- What is needed: Return the following from the records below: each line, word for word, starting with the line that contains "しもの六太通信明日、浜松市で" and going on through the line that contains "2022级酒店管理与数字化运", with nothing outside that range.

- Data provided:

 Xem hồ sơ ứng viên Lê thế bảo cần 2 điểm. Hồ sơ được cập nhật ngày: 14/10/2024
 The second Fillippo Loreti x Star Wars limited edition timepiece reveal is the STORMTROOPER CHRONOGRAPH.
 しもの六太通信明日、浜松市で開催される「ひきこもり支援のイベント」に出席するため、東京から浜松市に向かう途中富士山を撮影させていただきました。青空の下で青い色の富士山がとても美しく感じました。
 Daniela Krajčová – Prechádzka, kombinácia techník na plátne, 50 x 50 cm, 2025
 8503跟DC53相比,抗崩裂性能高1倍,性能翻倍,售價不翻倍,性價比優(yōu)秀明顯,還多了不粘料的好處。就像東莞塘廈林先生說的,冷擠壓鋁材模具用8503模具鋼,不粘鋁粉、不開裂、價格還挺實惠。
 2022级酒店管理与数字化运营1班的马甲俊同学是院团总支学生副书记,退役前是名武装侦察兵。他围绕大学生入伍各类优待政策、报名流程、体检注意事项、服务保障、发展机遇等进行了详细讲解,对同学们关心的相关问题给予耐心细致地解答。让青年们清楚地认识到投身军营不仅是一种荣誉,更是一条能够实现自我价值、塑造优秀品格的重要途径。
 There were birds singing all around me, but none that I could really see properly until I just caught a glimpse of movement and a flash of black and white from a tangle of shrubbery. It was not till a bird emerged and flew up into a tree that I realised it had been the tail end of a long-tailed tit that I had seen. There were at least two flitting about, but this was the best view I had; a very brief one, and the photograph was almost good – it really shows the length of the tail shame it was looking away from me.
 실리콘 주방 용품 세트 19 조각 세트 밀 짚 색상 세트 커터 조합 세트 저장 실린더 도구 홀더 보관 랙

--

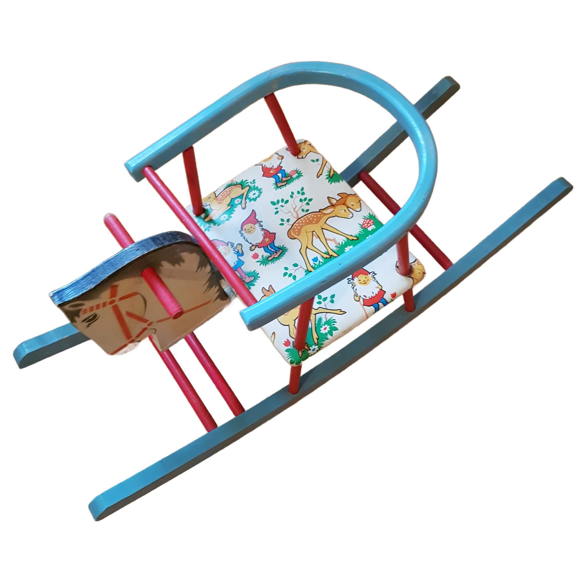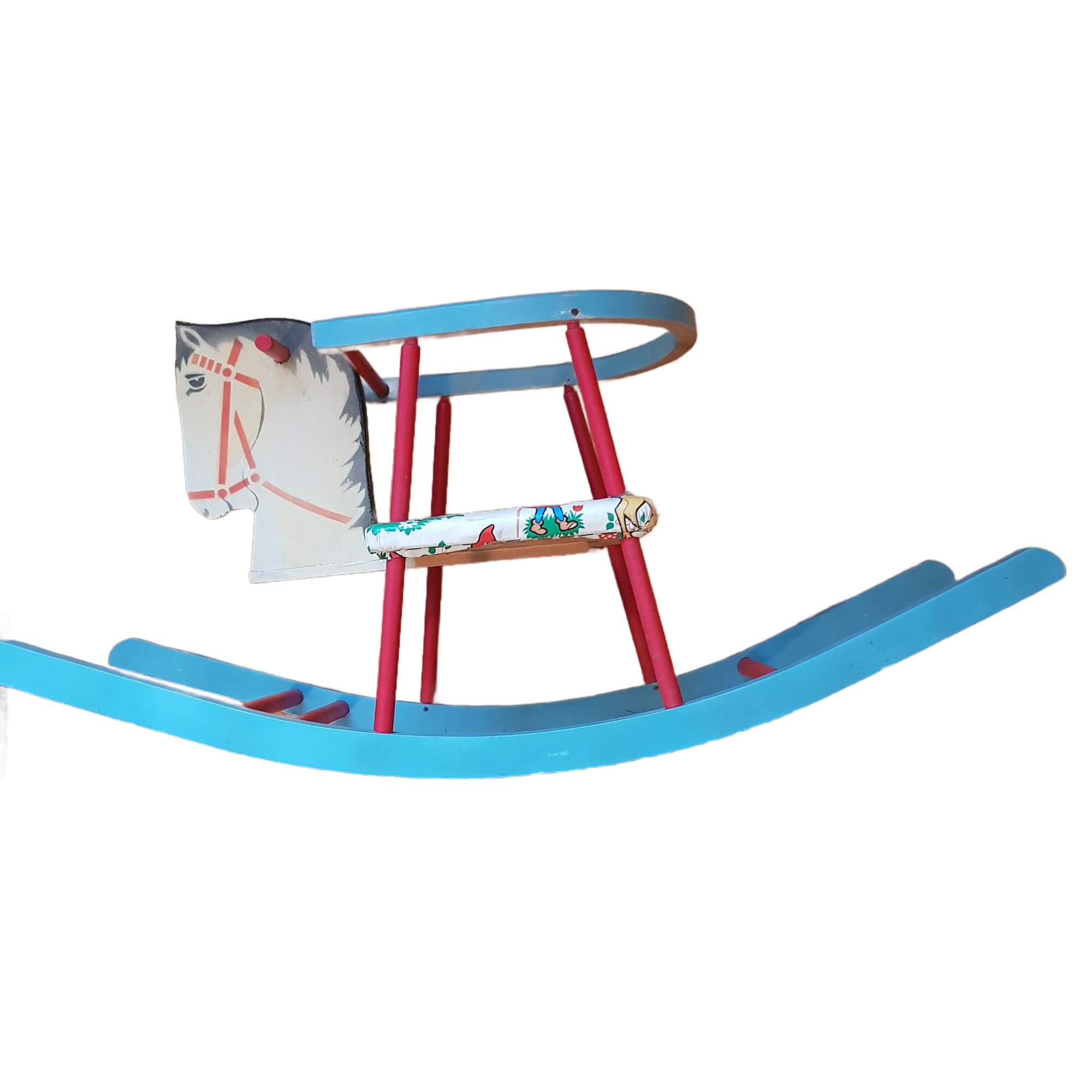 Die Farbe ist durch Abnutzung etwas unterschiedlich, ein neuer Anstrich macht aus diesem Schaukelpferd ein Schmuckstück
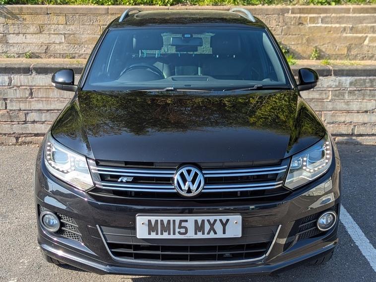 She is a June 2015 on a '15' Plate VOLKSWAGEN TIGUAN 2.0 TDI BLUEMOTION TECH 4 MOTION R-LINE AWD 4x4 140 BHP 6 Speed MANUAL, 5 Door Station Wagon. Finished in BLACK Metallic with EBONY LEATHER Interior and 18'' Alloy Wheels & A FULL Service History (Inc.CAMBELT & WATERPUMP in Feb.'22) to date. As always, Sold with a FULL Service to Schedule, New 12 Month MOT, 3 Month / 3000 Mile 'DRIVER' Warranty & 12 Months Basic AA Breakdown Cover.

- Output of the task:
 しもの六太通信明日、浜松市で開催される「ひきこもり支援のイベント」に出席するため、東京から浜松市に向かう途中富士山を撮影させていただきました。青空の下で青い色の富士山がとても美しく感じました。
 Daniela Krajčová – Prechádzka, kombinácia techník na plátne, 50 x 50 cm, 2025
 8503跟DC53相比,抗崩裂性能高1倍,性能翻倍,售價不翻倍,性價比優(yōu)秀明顯,還多了不粘料的好處。就像東莞塘廈林先生說的,冷擠壓鋁材模具用8503模具鋼,不粘鋁粉、不開裂、價格還挺實惠。
 2022级酒店管理与数字化运营1班的马甲俊同学是院团总支学生副书记,退役前是名武装侦察兵。他围绕大学生入伍各类优待政策、报名流程、体检注意事项、服务保障、发展机遇等进行了详细讲解,对同学们关心的相关问题给予耐心细致地解答。让青年们清楚地认识到投身军营不仅是一种荣誉,更是一条能够实现自我价值、塑造优秀品格的重要途径。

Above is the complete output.